ABSTRACT In this study in the Islamic Republic of Iran 365 measles cases were evaluated to distinguish between primary infection with measles and reinfection due to secondary vaccine failure. All cases previously confirmed by detection of specific IgM were tested for IgG avidity. A secondary immune response was seen in 18.4% of patients. All unvaccinated patients (16.7%) showed a primary immune response. Of 244 patients with documented vaccination, 75.8% showed a primary immune response and 24.2% showed a secondary immune response, thereby indicating a secondary vaccine failure. Almost all measles reinfections (99%) were seen in patients >10 years old, indicating that vaccination for 10-year-old children is recommended.

Distinguer la primo-infection rougeoleuse de la réinfection après un échec vaccinal grâce au test d’avidité des IgG

RÉSUMÉ Dans cette étude en République islamique d’Iran, 365 cas de rougeole ont été évalués pour distinguer une primo-infection rougeoleuse de la réinfection due à l’échec de la vaccination secondaire. Le test d’avidité des IgG a été effectué pour tous les cas confirmés auparavant par la détection des IgM spécifiques. Une réponse immunitaire secondaire a été observée chez 18,4 % des patients. Tous les patients non vaccinés (16,7 %) ont montré une réponse immunitaire primaire. Sur les 244 patients pour lesquels la vaccination était documentée, 75,8 % montraient une réponse immunitaire primaire et 24,2 % une réponse immunitaire secondaire, indiquant ainsi un échec de la vaccination secondaire. Presque toutes les réinfections (99 %) étaient observées chez des patients âgés de plus de 10 ans, ce qui indique que la vaccination des enfants de 10 ans est recommandée.

1School of Public Health, Tehran University of Medical Sciences, Tehran, Islamic Republic of Iran (Correspondence to R. Hamkar: This email address is being protected from spambots. You need JavaScript enabled to view it.).
Received: 30/12/04; accepted: 04/04/05
EMHJ, 2006, 12(6): 775-782


Introduction

Exposure to the measles virus is steadily decreasing worldwide due to mass vaccination, and millions of people are protected solely by immunity induced by attenuated vaccines [1,2]. However, there are doubts about the quality and duration of vaccine-induced immunity [3,4]. Two kinds of failures, primary failure and secondary failure, are attributed to measles vaccine.
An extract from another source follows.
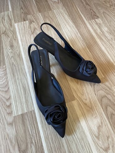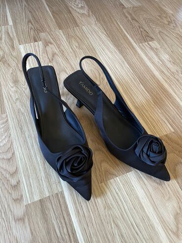 MARSEDO qadın gündəlik stiletto ayaqqabısı İstifadə: Sadəcə 1 dəfə geyinilib. Ölçü: 37 Qiymət: 60 azn alınıb, 25 azn satılır. - Model: Femme, sivri burunlu, arxası açıq (slingback) - Üst hissə: ç...

Primary failure indicates that the vaccine has not taken and does not induce any immunological response, while secondary failure indicates that vaccine-induced immunity against measles has waned in the years after vaccination [5–7]. Low vaccination age is known to adversely affect measles vaccine efficacy, mainly due to the presence of maternal antibodies, and this is regarded as primary vaccine failure [3]. Secondary vaccine failures, however, are largely attributed to the waning of primary antibody response over time [3,5–8].

As the serological status preceding measles is usually unknown, it is difficult by conventional means to establish the occurrence of secondary vaccine failures (waning and/or incomplete immunity) and related factors [3]. In a study of vaccinated students who donated blood just before infection, low antibody levels increased the risk of measles [9]. There is a report of 4 health care workers who contracted measles despite prior successful vaccination [10]. Other case reports of secondary vaccine failure have been published, including one of a Chinese patient who seroconverted after vaccination at 8 months [3]. In a 10-year follow-up study of children in Canada inoculated at 12 months of age, 6%–9% developed clinical measles [11]. In a study in 1996–97 in the Islamic Republic of Iran 9% of measles cases were among previously vaccinated patients [7].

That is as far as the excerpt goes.